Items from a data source
........

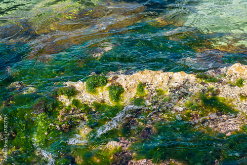 Stony beach with sea grass and flowing water.
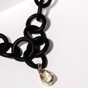 This necklace captures the essence of modern elegance through contrast. The supple matte rubber chain offers a sculptural frame for a vivid tear drop-cut lemon topaz, its golden hue glowing with quiet brilliance. The result is a piece that feels architectural, ye,t fluid. Refined enough for evening wear, yet effortlessly contemporary for day. A timeless statement of confidence and clarity.
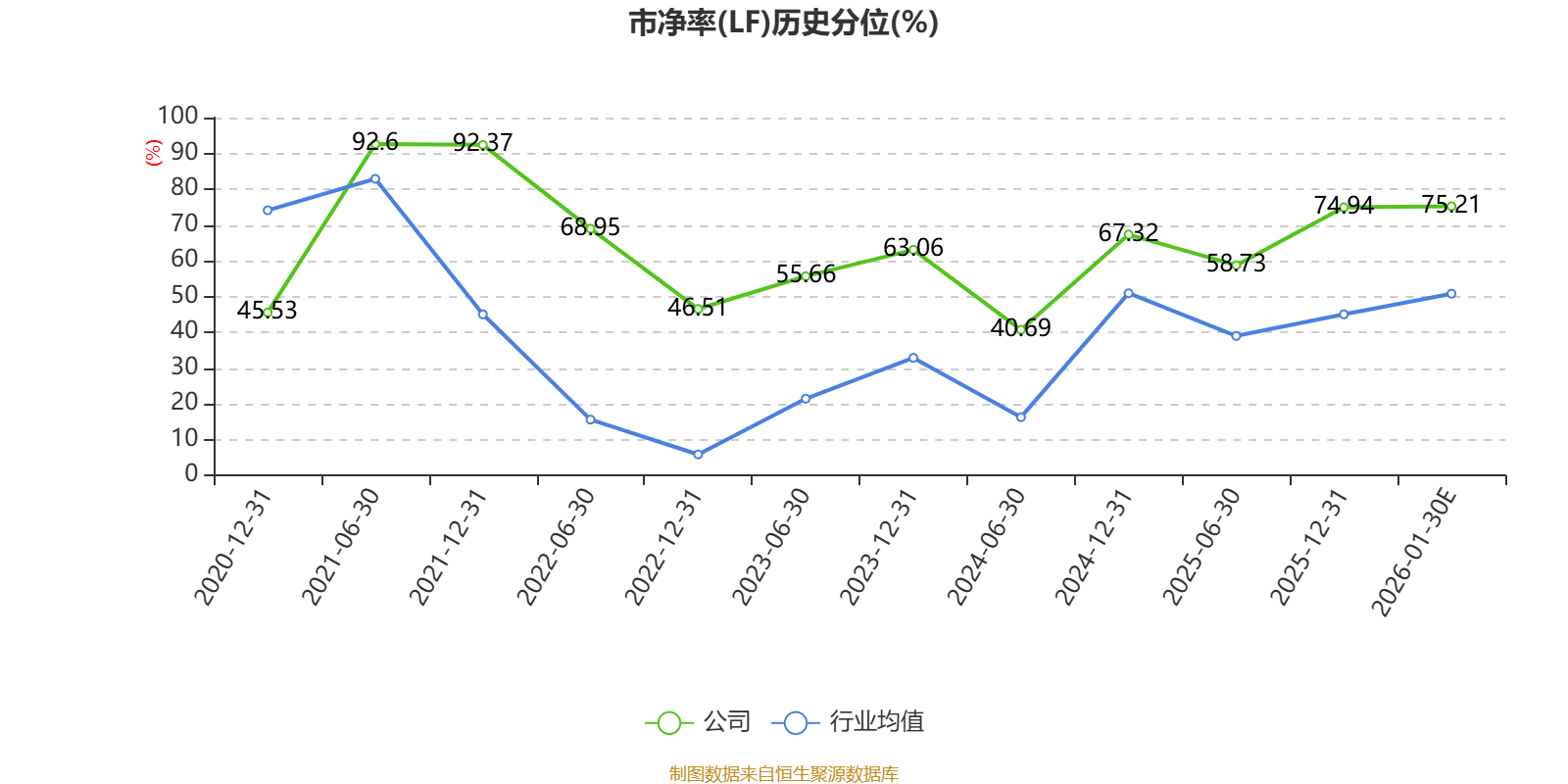 市盈率、市净率为负时,不显示当期分位数,会导致折线图中断。
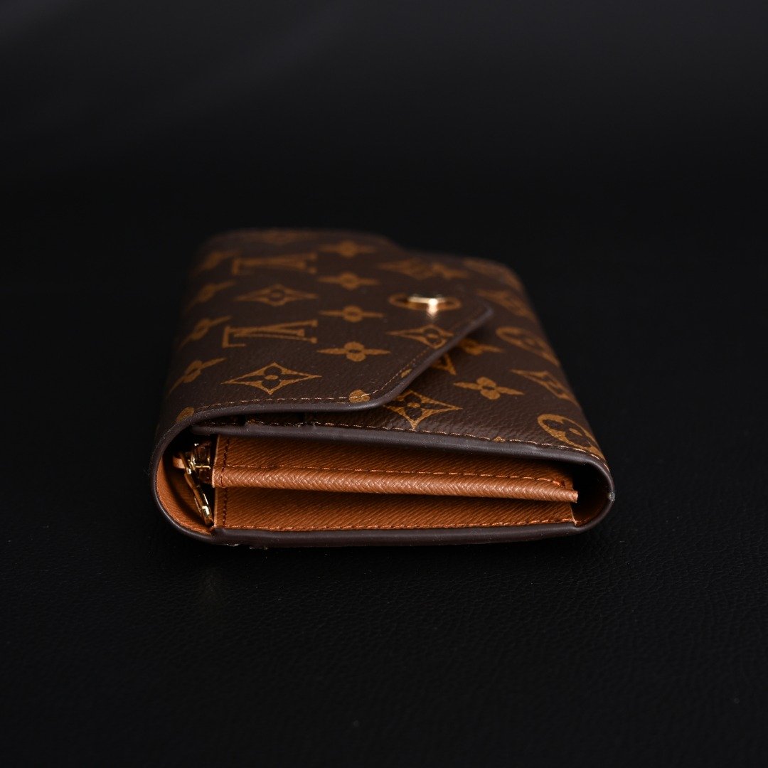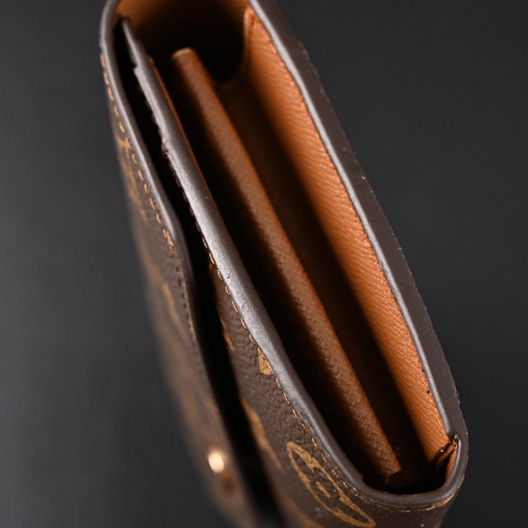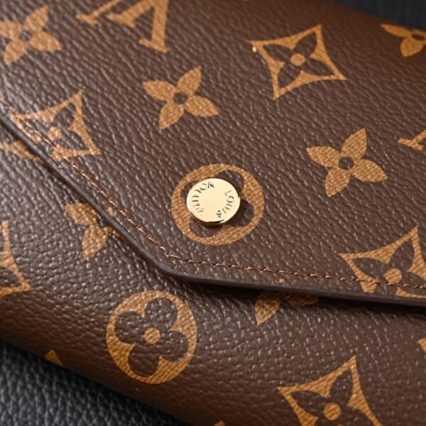 As one of Louis Vuitton’s iconic designs, the Sarah wallet combines Monogram canvas with a grained leather lining, recreating the elegant silhouette of an envelope-style design. Spacious interior features 2 large compartments, 1 central zippered coin pocket, and multiple card slots. Securely stores daily essentials. Monogram coated canvas – Grained calf leather lining – Metal hardware – Snap closure – 2 large accordion compartments – Zippered coin pocket – Interior slip pocket – Exterior slip pocket – 16 card slots!
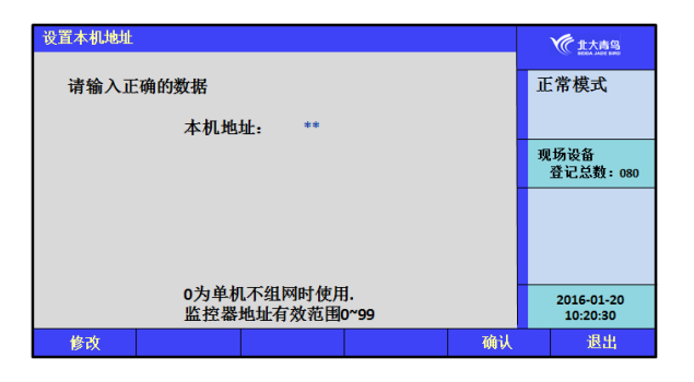 通過此菜單可以對本機的地址進行設置,單機運行時可不必進行地址設置,組網(wǎng)工作時監(jiān)控設備有效的地址范圍是1~99。
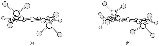 In many examples of probes with several CF3 substituents, the obtained sensitivity (a) relates to the sum of the sensitivities of the corresponding mono(CF3)substituted probes. It is worth noting, however, that in the case of the dependency of SESE values on SESE values of X-(p-Ph)-CF3, only certain groups of probes show a kind of synergism in additivity of sensitivity. Table 3 presents obtained values of the slope and values which are sums of parameters a for corresponding mono(CF3)substituted derivatives, as. For most of the probes the relative error, η, is negative (no synergism). Only for structures substituted by trifluoromethyl groups in positions 4 and 5, the value of η is positive. The majority of di(CF3)substituted probes and 1-457 show synergic additivity of the sensitivity. The sum of the sensitivities of the corresponding monosubstituted derivatives is consistent with the sensitivity of the di- or tri(CF3)substituted derivative. Only in the cases of 1-36 and 2-45 is this effect not observed, although the deviation from additivity is of the opposite nature. Structure 1-36 has separated substituents that interact less with each other than might be expected. Consequently, the actual value of the slope is lower than anticipated. On the contrary, the value of η for 2-45 is positive and the slope is more than a fifth greater than the predicted value. Moreover, 1-45 and 1-457 are characterized by positive values of η. In the group of tetra(CF3)substituted derivatives all the values of η are negative, but only for X-45NM (X = 1 or 2; N, M = 6, 7, or 8) the approximate additivity can be observed; the absolute value of the relative error is less than 10%. Structures with the CF3 groups in positions 4 and 5 have deformed aromatic rings due to the steric hindrance (see Figure 5). For this reason, the resonance component in the interaction between the substituent X and trifluoromethyl groups is less significant than in planar rings. This allows the conclusion that either the resonance effect has a negative impact, or the deformation itself has a positive impact on increasing the sensitivity of the substituent effect probes.
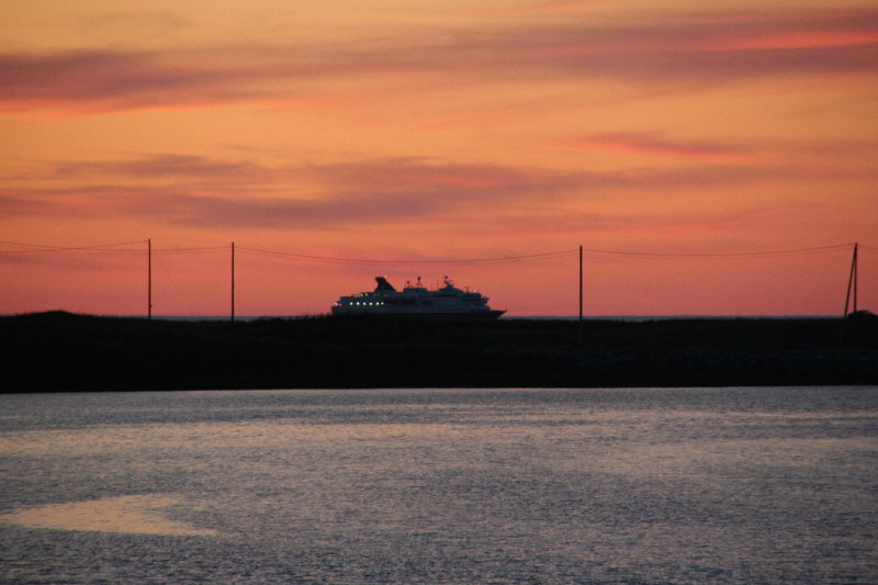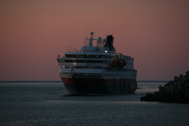 Um 22.00 Uhr steuert das südwärtsfahrende Hurtigruten-Schiff die Hafeneinfahrt an und macht durch lautes Hupen auf sich aufmerksam.
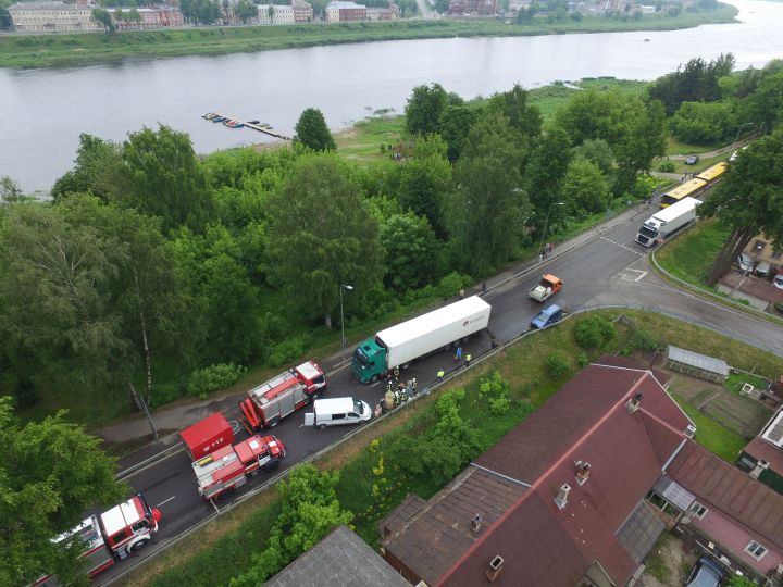 Как рассказывают очевидцы, на выезде с улицы Селияс на улицу Лиела фура не пропустила Volkswagen Sharan, едущий по главной дороге. В результате легковая автомашина врезалась в грузовик. Удар пришелся как раз в топливный бак.
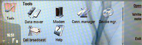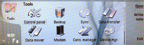 В меню Tools находится множество различных иконок: Control Panel (здесь осуществляются все настройки телефона, такие как яркость дисплея, мелодия вызова, интернет настройки и многие другие), Backup (копирование и восстановление данных при помощи карты памяти), Sync (синхронизация с компьютером), Data Transfer (перенос информации с одного коммуникатора Nokia 9500 на другой), Data Mover (перенос информации из старого коммуникатора в новый, например из 9210, в 9500), Modem (включается функция использования телефона, как модема), Connecting Manager (менеджер соединений), Device Manager (менеджер устройств), Cell Broadcast (информация сети) и Help.

........

§ Work item
Please restate the lines above exactly, starting at the first line of the data and stopping at the line containing "市盈率、市净率为负时,不显示当期分位数,会导致折线图中断。", which is included. Omit pictures.

§ Output below
 Stony beach with sea grass and flowing water.
 This necklace captures the essence of modern elegance through contrast. The supple matte rubber chain offers a sculptural frame for a vivid tear drop-cut lemon topaz, its golden hue glowing with quiet brilliance. The result is a piece that feels architectural, ye,t fluid. Refined enough for evening wear, yet effortlessly contemporary for day. A timeless statement of confidence and clarity.
 市盈率、市净率为负时,不显示当期分位数,会导致折线图中断。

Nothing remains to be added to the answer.